Work required. For every line below, output the text exactly and leave out images.

===== Entries shown =====

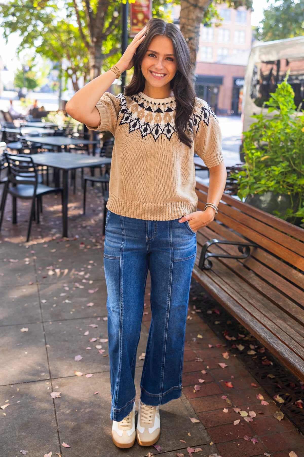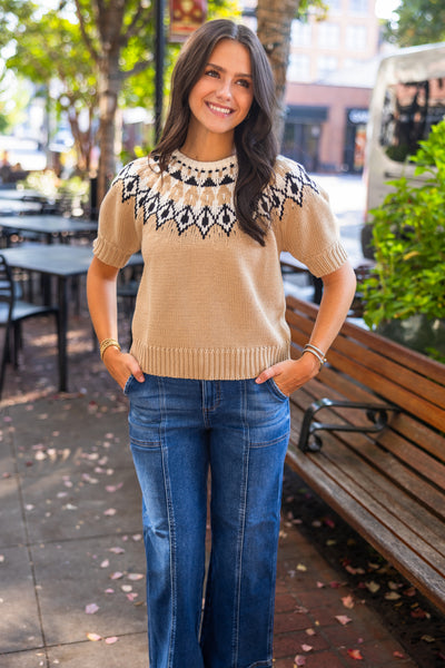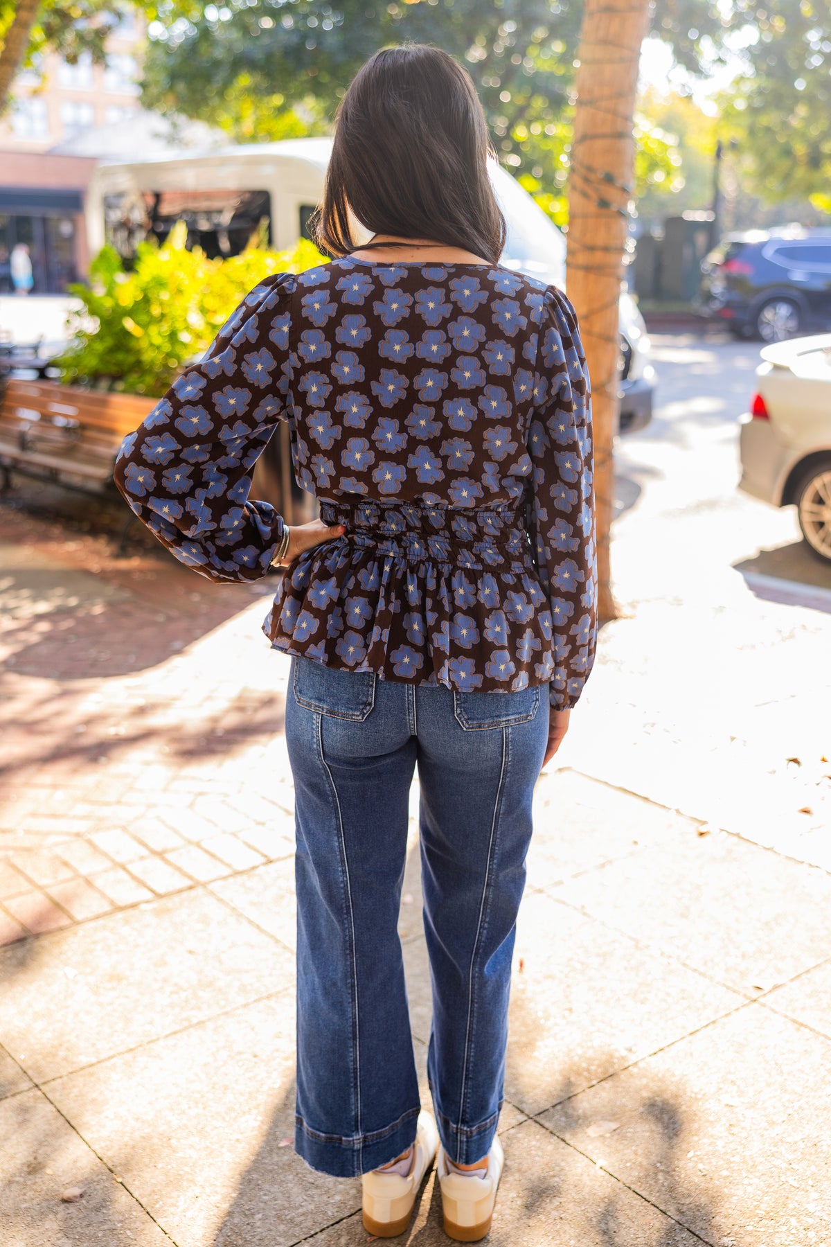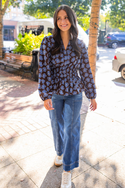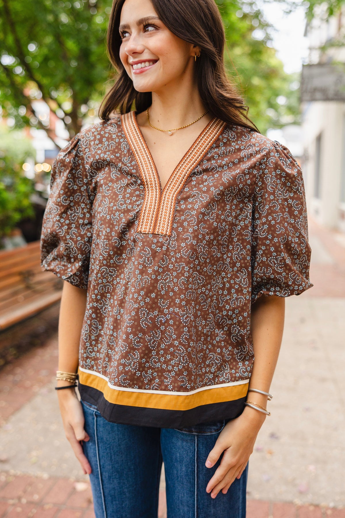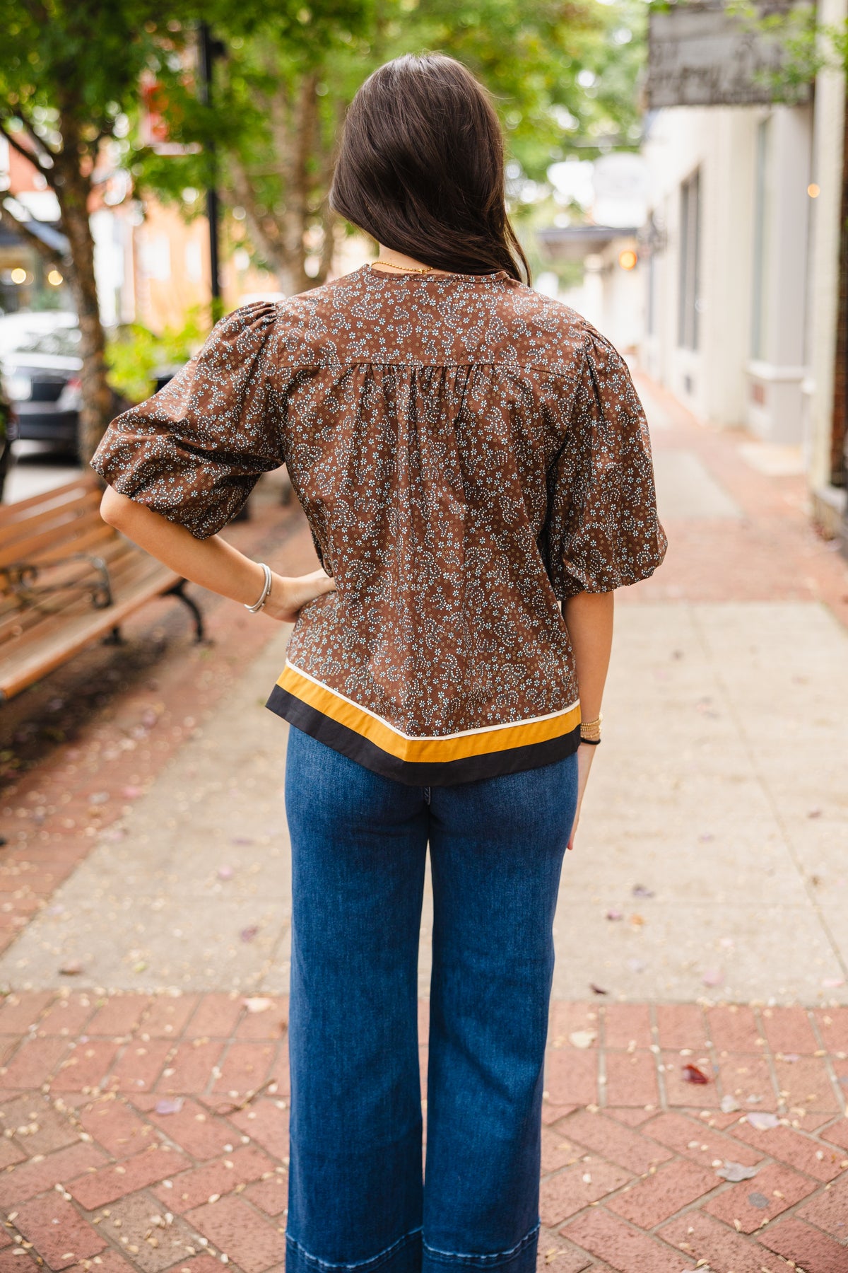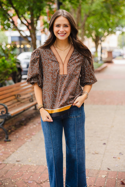 Brown print short puff sleeve blouse with a V neckline and contrast trim on the neckline and hem
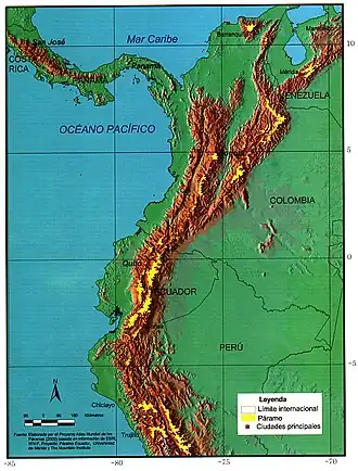 El páramo andino o páramos de los Andes son ecosistemas de montaña que pertenecen al dominio fitogeográfico amazónico. Se ubican descontinuamente en el neotrópico, desde altitudes de aproximadamente 3.000 m s. n. m. hasta la línea de nieves perpetuas, aproximadamente 4.300 m s. n. m.,[1]​ principalmente desde Venezuela hasta el norte del Perú.
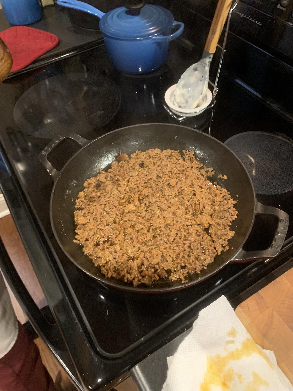 Step #4 Add Chorizo, if it’s in casing, remove the casings.
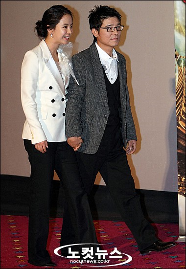 30일 오후 용산 CGV에서 열린 섹시 코미디 영화 색즉시공2의 언론시사회에서 송지효와 임창정이 손을 꼭 잡고 간담회 무대로 이동하고 있다.
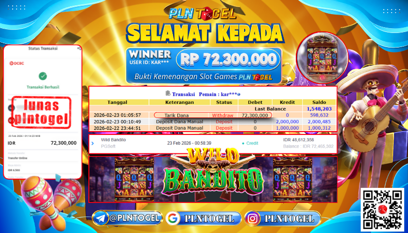 BUKTI JACKPOT SLOT GAME 23 Februari 2026 Posted by Admin Plntogel WILD BANDITO SENIN, 23 FEBRUARI 2026 RP 72.300.000,- SELAMAT KEPADA PEMENANG, SALAM JP! Updated: 23 Februari 2026 at 04:03 ◀ BUKTI JACKPOT SLOT GAME PREDIKSI JITU NUSANTARA POOL ▶
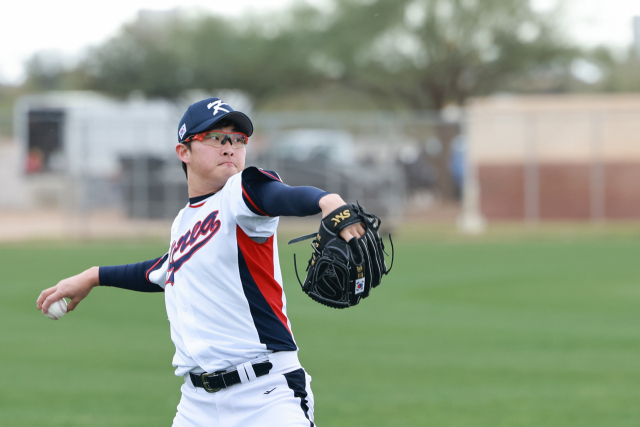 22일(현지시간) 미국 애리조나주 투손 키노스포츠 콤플렉스 보조 구장에서 야구 대표팀 투수 박세웅이 캐치볼을 하고 있다. 연합뉴스
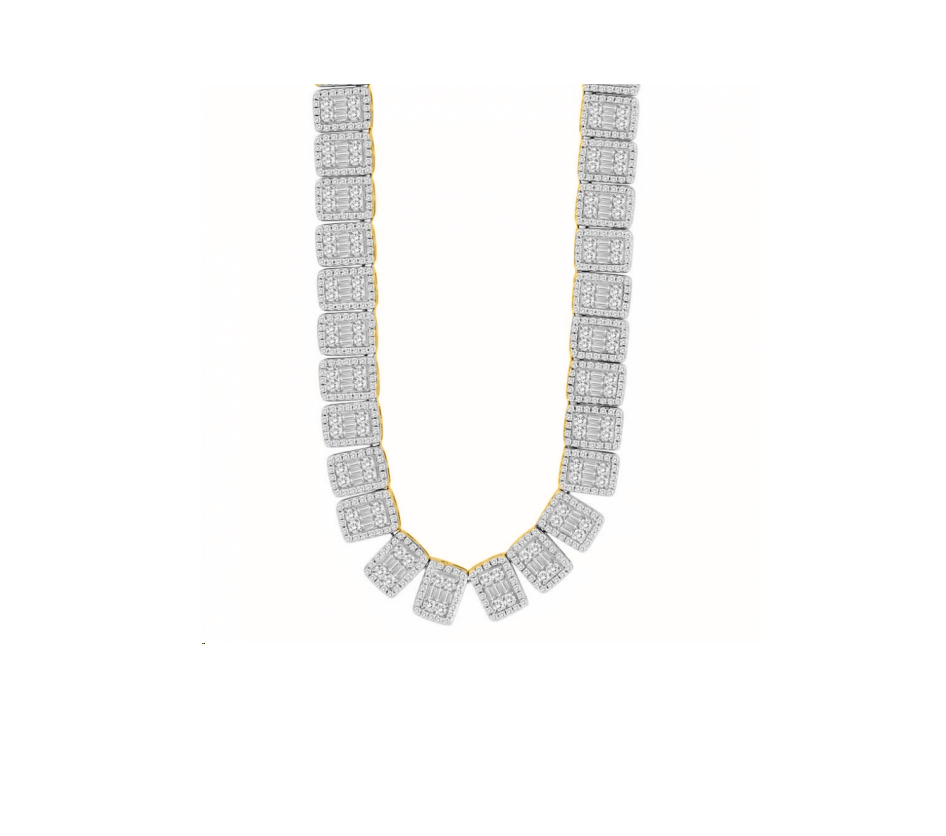 MEN’S NECKLACE 8.00CT ROUND/BAGUETTE DIAMOND 10K YELLOW GOLD

=====

Task response.
 Brown print short puff sleeve blouse with a V neckline and contrast trim on the neckline and hem
 El páramo andino o páramos de los Andes son ecosistemas de montaña que pertenecen al dominio fitogeográfico amazónico. Se ubican descontinuamente en el neotrópico, desde altitudes de aproximadamente 3.000 m s. n. m. hasta la línea de nieves perpetuas, aproximadamente 4.300 m s. n. m.,[1]​ principalmente desde Venezuela hasta el norte del Perú.
 Step #4 Add Chorizo, if it’s in casing, remove the casings.
 30일 오후 용산 CGV에서 열린 섹시 코미디 영화 색즉시공2의 언론시사회에서 송지효와 임창정이 손을 꼭 잡고 간담회 무대로 이동하고 있다.
 BUKTI JACKPOT SLOT GAME 23 Februari 2026 Posted by Admin Plntogel WILD BANDITO SENIN, 23 FEBRUARI 2026 RP 72.300.000,- SELAMAT KEPADA PEMENANG, SALAM JP! Updated: 23 Februari 2026 at 04:03 ◀ BUKTI JACKPOT SLOT GAME PREDIKSI JITU NUSANTARA POOL ▶
 22일(현지시간) 미국 애리조나주 투손 키노스포츠 콤플렉스 보조 구장에서 야구 대표팀 투수 박세웅이 캐치볼을 하고 있다. 연합뉴스
 MEN’S NECKLACE 8.00CT ROUND/BAGUETTE DIAMOND 10K YELLOW GOLD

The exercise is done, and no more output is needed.